Yes, this issue is somewhat recurrent...

> > Any suggestions for a way to correct for a too-small first allocation, without
> > a memory leak?
> >
> > Alternatively - how critical is this UDP_HTABLE_SIZE_MIN for correct operation
> > of the stack?

Absolutely mandatory, if you read net/ipv4/udp.c


Lets add a new parameter to alloc_large_system_hash() to specify minimum
number of slots in hash table.


David, this patch is based on Linus tree, not on net tree.
(Doesnt apply properly on net tree currently)

Thanks

[PATCH] mm: add a low limit to alloc_large_system_hash

UDP stack needs a minimum hash size value for proper operation and also
uses alloc_large_system_hash() for proper NUMA distribution of its hash
tables and automatic sizing depending on available system memory.
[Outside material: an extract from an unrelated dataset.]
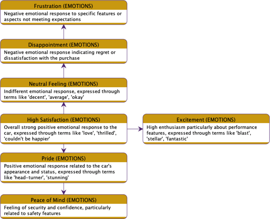 This process generates the semantic graph below that highlights the sentiments users associate with different aspects of the car, such as excitement, satisfaction, frustration, or disappointment.
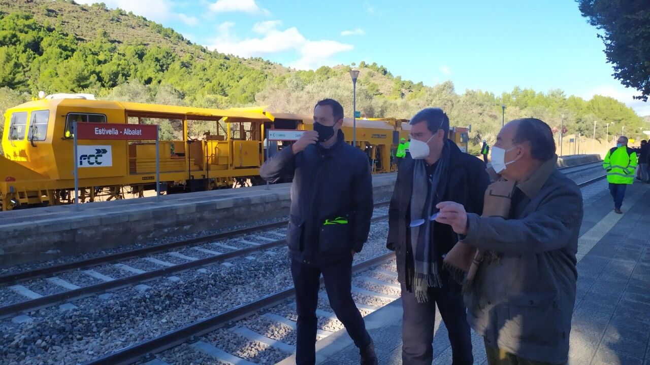 Las obras de mejora de la línea ferroviaria Zaragoza-Teruel-Sagunto-Valencia avanzan a buen ritmo, una infraestructura estratégica para unir el corredor Cantábrico con el Mediterráneo. Así lo han comprobado esta mañana el director general de ADIF, Àngel Contreras, y el presidente de la APV, Aurelio Martínez, que han visitado los apartaderos de Estivella en la provincia de Valencia y el de La Puebla de Valverde en Teruel.

On some low memory situations, udp_table_init() must ignore the
alloc_large_system_hash() result and reallocs a bigger memory area.

As we cannot easily free old hash table, we leak it and kmemleak can
issue a warning.

This patch adds a low limit parameter to alloc_large_system_hash() to
solve this problem.

We then specify UDP_HTABLE_SIZE_MIN for UDP/UDPLite hash table
allocation, and 16 for pid_hash.

Reported-by: Mark Asselstine <[email protected]>
Reported-by: Tim Bird <[email protected]>
Signed-off-by: Eric Dumazet <[email protected]>
Cc: Paul Gortmaker <[email protected]>
---
fs/dcache.c | 2 ++
fs/inode.c | 2 ++
include/linux/bootmem.h | 3 ++-
kernel/pid.c | 3 ++-
mm/page_alloc.c | 7 +++++--
net/ipv4/route.c | 1 +
net/ipv4/tcp.c | 2 ++
net/ipv4/udp.c | 30 ++++++++++--------------------
8 files changed, 26 insertions(+), 24 deletions(-)
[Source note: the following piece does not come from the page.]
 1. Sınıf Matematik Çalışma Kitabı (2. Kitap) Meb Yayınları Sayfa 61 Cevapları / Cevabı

diff --git a/fs/dcache.c b/fs/dcache.c
index fe19ac1..ef5e72e 100644
--- a/fs/dcache.c
+++ b/fs/dcache.c
@@ -2984,6 +2984,7 @@ static void __init dcache_init_early(void)
HASH_EARLY,
&d_hash_shift,
&d_hash_mask,
+ 0,
0);

for (loop = 0; loop < (1U << d_hash_shift); loop++)
@@ -3014,6 +3015,7 @@ static void __init dcache_init(void)
0,
&d_hash_shift,
&d_hash_mask,
+ 0,
0);

for (loop = 0; loop < (1U << d_hash_shift); loop++)
diff --git a/fs/inode.c b/fs/inode.c
index d3ebdbe..7acee4c 100644
--- a/fs/inode.c
+++ b/fs/inode.c
@@ -1667,6 +1667,7 @@ void __init inode_init_early(void)
HASH_EARLY,
&i_hash_shift,
&i_hash_mask,
+ 0,
0);

for (loop = 0; loop < (1U << i_hash_shift); loop++)
@@ -1697,6 +1698,7 @@ void __init inode_init(void)
0,
&i_hash_shift,
&i_hash_mask,
+ 0,
0);

for (loop = 0; loop < (1U << i_hash_shift); loop++)
diff --git a/include/linux/bootmem.h b/include/linux/bootmem.h
index 66d3e95..1a0cd27 100644
--- a/include/linux/bootmem.h
+++ b/include/linux/bootmem.h
@@ -154,7 +154,8 @@ extern void *alloc_large_system_hash(const char *tablename,
int flags,
unsigned int *_hash_shift,
unsigned int *_hash_mask,
- unsigned long limit);
+ unsigned long low_limit,
+ unsigned long high_limit);

#define HASH_EARLY 0x00000001 /* Allocating during early boot? */
#define HASH_SMALL 0x00000002 /* sub-page allocation allowed, min
diff --git a/kernel/pid.c b/kernel/pid.c
index 9f08dfa..79884b2 100644
--- a/kernel/pid.c
+++ b/kernel/pid.c
@@ -547,7 +547,8 @@ void __init pidhash_init(void)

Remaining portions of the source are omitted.